Ecuador March 2022

7 Comments
  1. Cathy Pasterczyk 1 month ago

    Thanks Charles. I’m glad to read that birders get a bit of positive acknowledge. 🙂

    • Author
      Charles Foley 1 month ago

      It’s good to throw a little bit of love their way every so often…. 🙂

  2. john wright 1 month ago

    Hi Charles, Haha don’t think I can help you with the exact id of a thermal image mouse but when I was at Bellavista in January 2018 I watched an Andean Forest Mouse (Chilomys instans) on the ground below the Olinguito/Kinkajou feeding trees one morning.

    • Author
      Charles Foley 1 month ago

      Marvellous! I’ll take that as a confirmed record….. no just kidding, but thanks for the information John.

  3. Lennartv 1 month ago

    Great report Charles! I’m particulary interested in the bit about the Oncilla.
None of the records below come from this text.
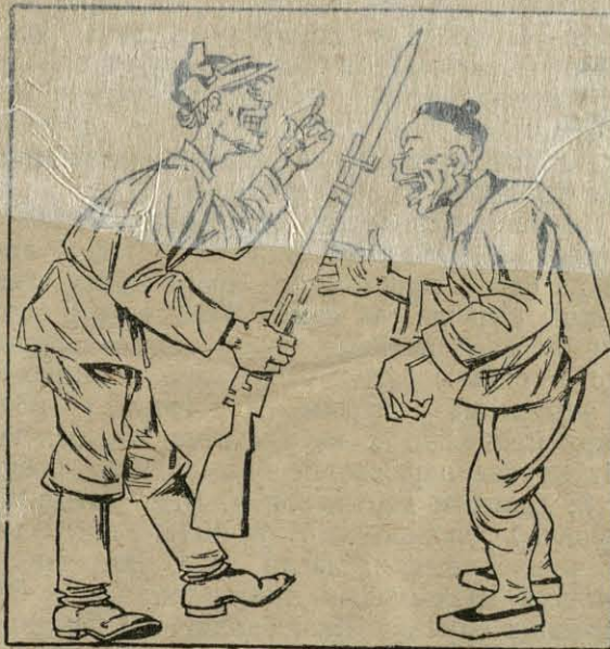
Бальшавік: Маім табе стрэльбу, цяпер бій англіяца.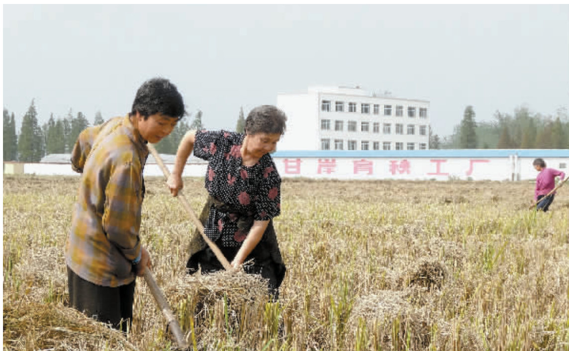
近期,平桥区甘岸办事处二郎村委会指导群众做好水稻收割前和收割后的紫云英适时播种工作,促使全村积极行动,迅速掀起了紫云英播种高潮。图为群众正在对紫云英种植土地进行翻耕。

目前,该工程已完成摸底调查及宣传发动工作,两户试点住户已选定,游客服务中心已选址,下一步待试点户改造规划定型后即可进场施工。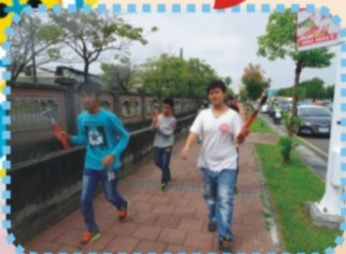
106中小聯運聖火傳遞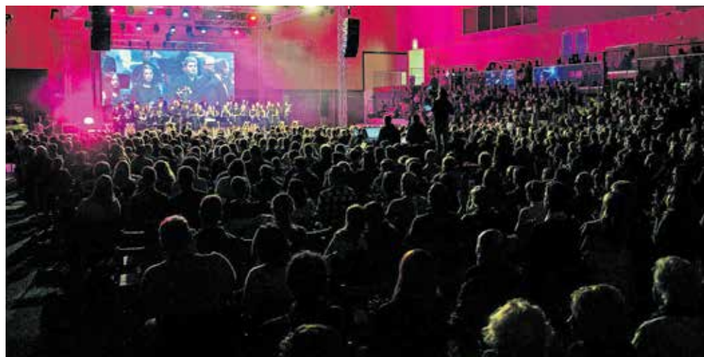
Na lanskem koncertu so povsem napolnili športno dvorano v Žireh.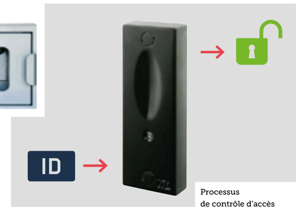
Processus de contrôle d'accès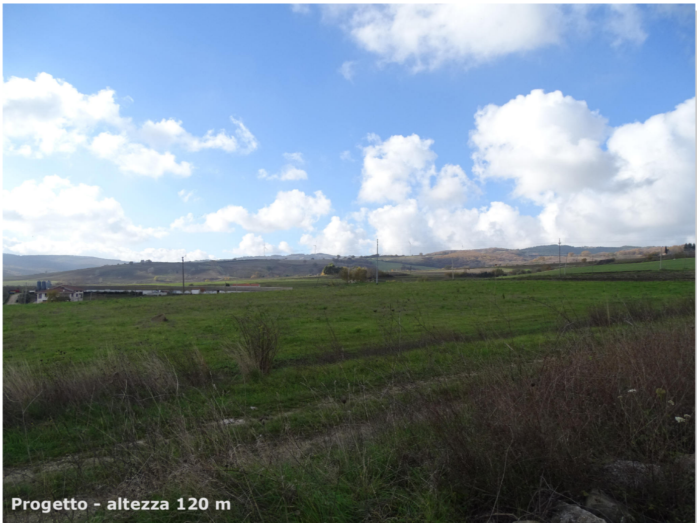
Progetto - altezza 120 m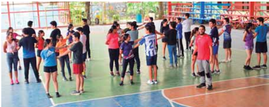
A parte de la coreografía la temática del Buen Pastor será la tecnología.

SAN PEDRO SULA. Con gran esfuerzo, alegría y dedicación los jóvenes de las diferentes instituciones educativas privadas se preparan para realizar su triunfal Seniors Entrance 2020 - 2021, con la que inician su año académico.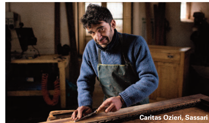
Caritas Ozieri, Sassari

Come nel caso delle cooperative sociali sostenute anche dall'8xmille e promosse in diverse diocesi italiane. Come quella della Caritas di Ozieri, in provincia di Sassari, che ha avviato un panificio, una falegnameria, un laboratorio di serigrafia e una fabbrica di ostie. Creando posti di lavoro locali, in tempi di crisi economica.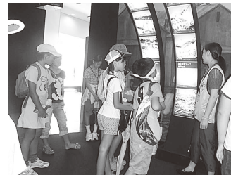
大阪市西区 津波・高潮ステーションにて

★津波と高潮の違いを知れて良かった。 ★津波は怖い。実際は想像以上にもっと怖い。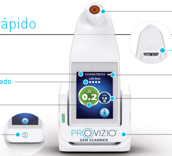
Figura 1: Provizio® SEM Scanner y centro de carga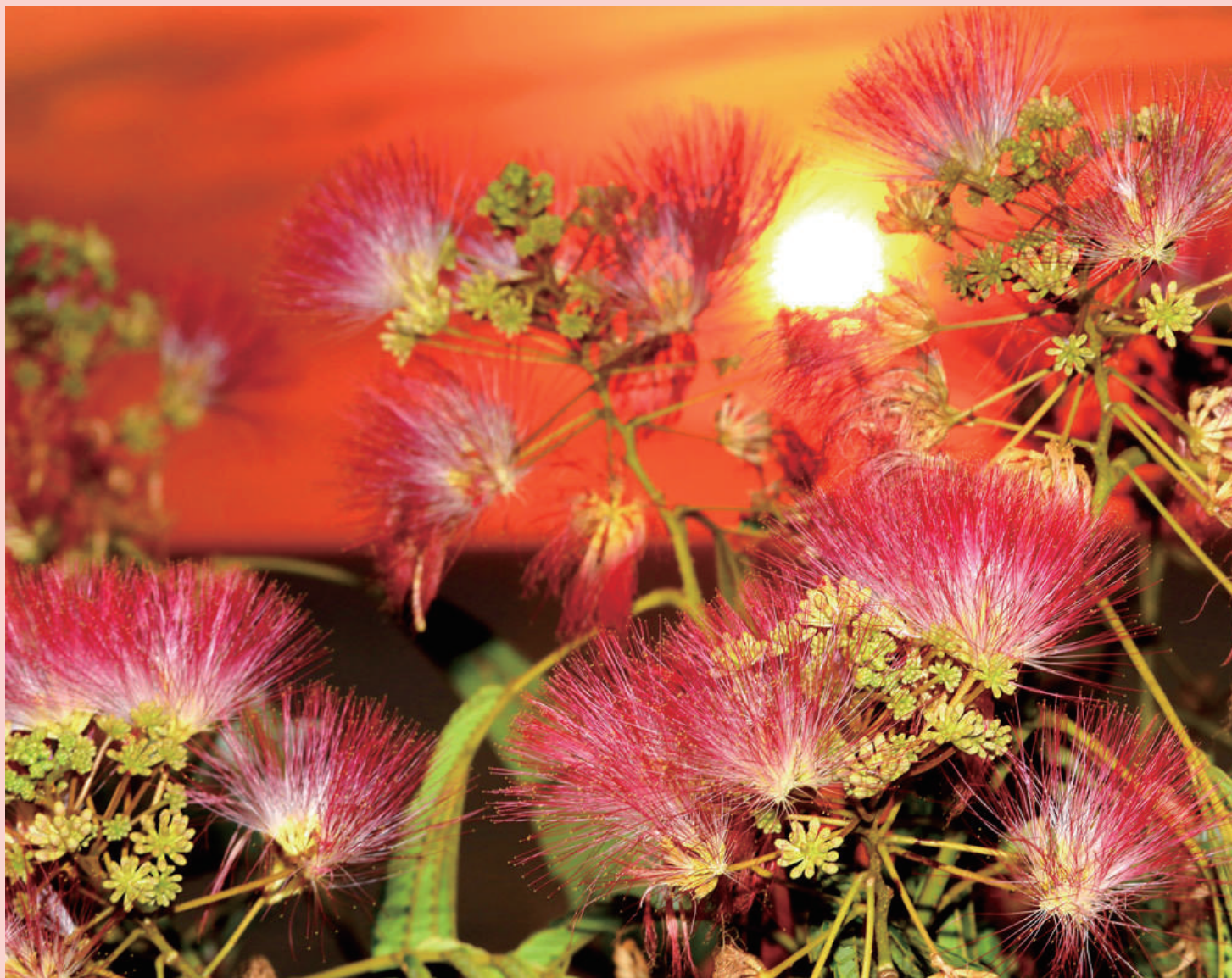
ハマネムノキと夕日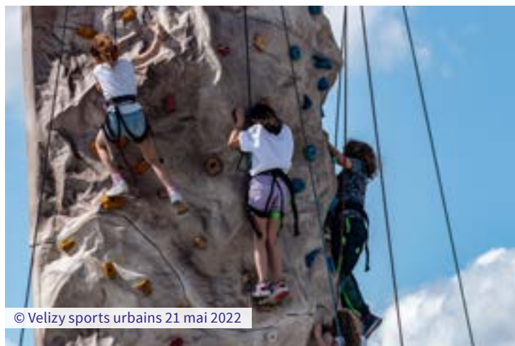
© Velizy sports urbains 21 mai 2022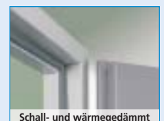
Schall- und wärmedämmt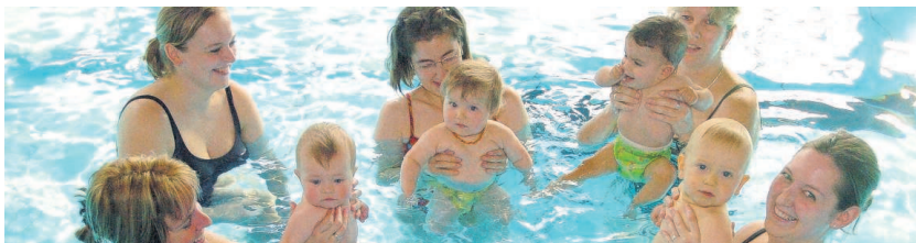
Im Oberwaldbad haben seit 30 Jahren unter der Regie des PSK unter anderem Kinder mit ihren Eltern Schwimmspaß unter fachlicher Anleitung.

Karlsruhe (bla). Der Post Südstadt Karlsruhe (PSK) unterstützt mit seinen sportlichen Aktionen in diesem Jahr Karlsruhe als Unicef Kinderstadt 2010. Start war gestern mit dem Gesundheitstag auf dem Gelände des PSK an der Ettlinger Allee. Weiter geht's mit der Feier „30 Jahre Oberwaldbad“ am nächsten Samstag und dann im Juni mit dem Fidelitas Nachtlauf.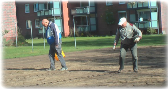
Saat manuell aufbringen

....dass sich etliche Personen von umliegenden Landwirten gegen eine kleine Gebühr -oder auch ehrenamtlich- Hilfe bei der Bodenbearbeitung geholt haben? Fragen Sie doch mal nach!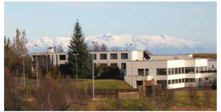
Kirkjubæjarstofa er flutt í heimavistarálmu Kirkjubæjarskóla. Gengið er inn þar sem íbúðirnar voru en aðgengi fyrir fatlaða er frá planinu við Íþróttahúsið.

Á Kirkjubæjarstofu hafa nokkrar stofnanir starfsstöð; Ráðgjafarmiðstöð landbúnaðarins, Bændabókhalidið, Fræðslunet Suðurlands símenntun,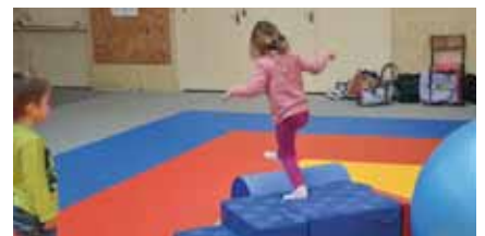
Atelier motricité du RAM au Dojo Jean-Zay, le 13 juin 2013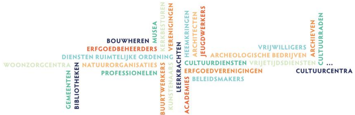
Partners van CO 7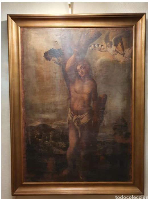
IMAGEN 27. Imagen de San Sebastián en la catedral de Baeza. https://www.todocoleccion.net/arte-pintura-oleo/san-sebastian-oleo-sobre-lienzo-siglo-xvii-gran-formato-imponente~x229536265 (consultado por última vez el 28/06/2022)

It must be a very recent development as I asked a lot about Oncilla’s at Bellavista when I was there in October, but was told they had only seen it once a month for a few months on the trails. Someone else also put in an effort last December but didn’t have any luck either. Well, if there are pictures there must be some truth to it… The only pictures I have seen so far from Bellavista look like lucky encounters on the trails during the day. I’m curious if another mammalwatcher might be able to use this new information to his or her advantage.

    • Author
      Charles Foley 1 month ago

      Yes the information I got was that during the dry(er) season the Oncilla would regularly sleep at one of 4 or 5 sites in tree boles along one of the walking trails. Apparently you creep up to the sleeping site during an early morning walk and peek your head in to see if it’s there. He showed me photos of a sleeping Oncilla in at least one site, possibly more. During the rains the animal moved away and hadn’t been seen for about 4 months – although presumably it should have been around when you were there. He then saw it twice in the space of 4 days around the time we were there. I guess anybody planning on visiting Bellavista should specifically ask about this and let them know in advance that they are interested in trying to find the animal. Unfortunately I can’t recall the guides’ name, but he was a young chap and seemed to be their main guide.

  4. Michael 4 weeks ago

    I also just returned from Ecuador. Not much to report since I was mostly botanizing with students (which makes a lot of noise) and it rained a lot, especially at night, but two things might be of interest:
    Milpe Bird Sanctuary below Mindo has very active bird feeders that appear to be regularly visited by a Tayra. We saw it twice in about three hours and the local guides were very familiar with it. Also visiting the feeders were Central American Agoutis and Red-tailed Squirrels. In the forest (down by the river) I saw a Western Dwarf Squirrel.
    A nature guide at Milpe also told me about a roost of Northern Ghost bats at Reserva La Esmeralda near Puerto López in Manabí province. The bats roost in one of the buildings at the reserve entrance and are well known to the locals and and are regularly shown to visitors. The guide showed me very nice photos.